Eating my way across the Atlantic – Provisioning for a crossing
Now that we’ve made it across the Atlantic and we are Swanning around the Caribbean, I thought I’d add some comments on how we go about getting ready for a long crossing, for anyone interested. I’m not proposing that we are experts in this area at all, this is just what worked for us. We had a few primary priorities to help keep us focused:
- Fresh food and managing that,
- Yumminess – don’t serve things that taste average,
- Nutrition for good health and happy crew,
- Back-up food,
- And beer (it’s a food, right?)
I know there’s a lot of commentary in the cruising circles on how to get and store food, how to manage that food, how to use it all effectively without waste, keep yourself and any crew healthy (hygiene is really important on a yacht), and what to do when the fresh stuff runs out.

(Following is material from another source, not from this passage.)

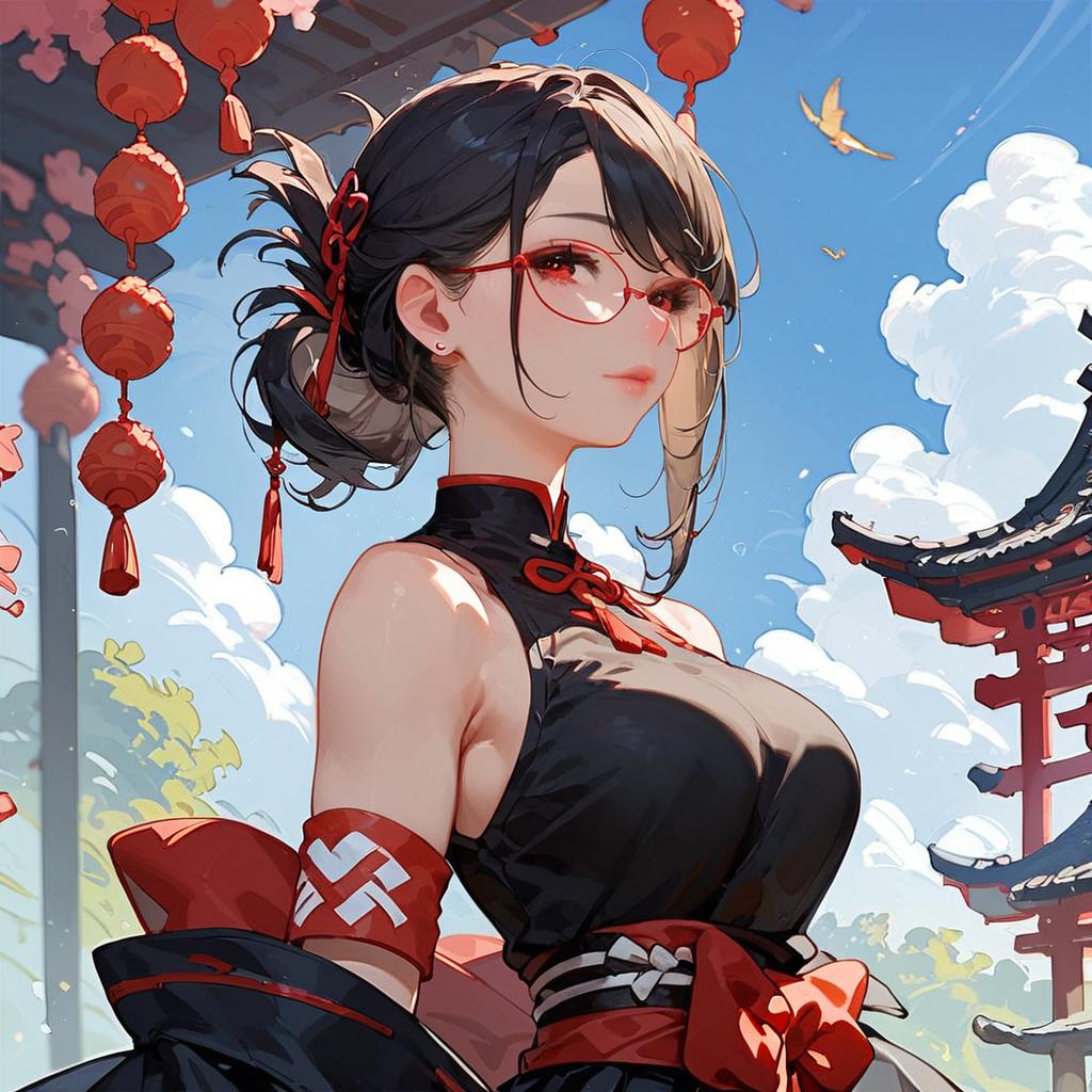 1girl, solo, cowboy shot, large breasts, japan, (sunlight:1.1), (sky:1.1), (outdoors:1.1), smile, open mouth, enno_chiaki, purple eyes, black hair, (twintails:1.4), hair bobbles, japanese clothes, white kimono, white skirt, score_9, score_8_up, score_7_up, source_anime, best quality, masterpiece, uncensored

I have one word that will make everything easy for you – vegan. A few of you reading this will recall that about 18 months ago, we had a go at being vegan – and we still are (except for my very occasional lapses when I’m sitting in an island beach bar having a cold beer and they are serving fried fresh anchovies!). To be fair, I actually detest the term “vegan” because it’s been tarnished by the radical few. I agree with their cause, I just think some of their actions alienate their audience. So let’s call it eating plants, yes, like an elephant. I choose the elephant as a point of comparison because when people tell me that I’ll die from protein deficiency by being a plant eater, they usually back off pretty quickly when I ask them what elephants eat. So don’t ask why I became a plant eater, it was for my own good reasons relating to my health, the health of animals, and the health of the planet. If you choose to eat meat and dairy? Knock yourself out. But you’re a dying breed. Literally.
Enough of the rhetoric. Being a plant eater has made provisioning for a crossing so very easy. And even for meat eaters, it’s really worth considering (and I promise you won’t die from a lack of protein 😁). Here’s how we do it:
- We have two freezers – these are stacked with frozen vegetables so once the fresh stuff is done, we move to these.
- The pantry is bursting with grains, beans, pasta, rice’s, spices, herbs, tomato sauces, coconut milk and other dried and sauced yumminess. Cook and mix this with the fresh or frozen vege’s and you have easy, really tasty, and nutritional food.
- Potatoes, sweet potatoes and onions are awesome. They last for weeks and can go into pretty much anything. Tomatoes are a staple and will last over two weeks easily if wrapped in newspaper in a cool dark spot.
- We sprout – sounds weird but you will have a constant supply of fresh things to put in salads, stir fries and curries. It’s really easy and very effective.
- Wraps and rye bread – we never run out of a quick easy meal with beans, leftovers, and of course something to throw peanut butter on.
- We have a pressure cooker (great for beans), a rice cooker (don’t leave home without one), a Braun kitchen wizz (the wand is great for soup etc), a toasted sandwich maker (also used for toasting bread – you have no idea how much better than a toaster these things are), and a breadmaker – which to be fair, doesn’t get used that much; and contrary to the instructions, is simply not foolproof! I will probably use it for an anchor one day.
- We stock fresh and local when we leave and we generally have plenty of fresh fruit and vegetables for the first 15 days (there’s plenty of information on the internet on how to store these properly on a yacht – read it). We rotate between fruit-nets, dark storage, stuff wrapped in newspaper in cool places, and the fridge. It’s really important to discard any local (especially market) packaging to minimise the risk of any unwanted little hitchhikers joining your crew (love cockroaches on a yacht). And wash everything well. It will last longer.
Being a plant eater also makes things simple for a few other reasons – your yacht doesn’t smell of fried meat, the kitchen stays way cleaner (as do your fridge’s and freezers), that nasty little extractor fan never gets full of grease, you don’t have to worry about poisoning your crew with rotten food or chicken contamination, and your boat is way more hygienic. Everyone on board loves the food and its bloody healthy.
There’s one last point I’d like to make; smell, and I mean people smell. Less body odour and the heads just don’t smell anywhere near as bad. Trust me on this! In a confined space, this make a big difference to crew happiness.
I was also a little surprised that when we were in Las Palmas loading all our fresh stuff onto Coco, the number of people that walked past and commented on how much they wished they were crossing the Atlantic on our yacht!
There’s only one thing I messed up – we ran out of beer three days before we landed. Bugger.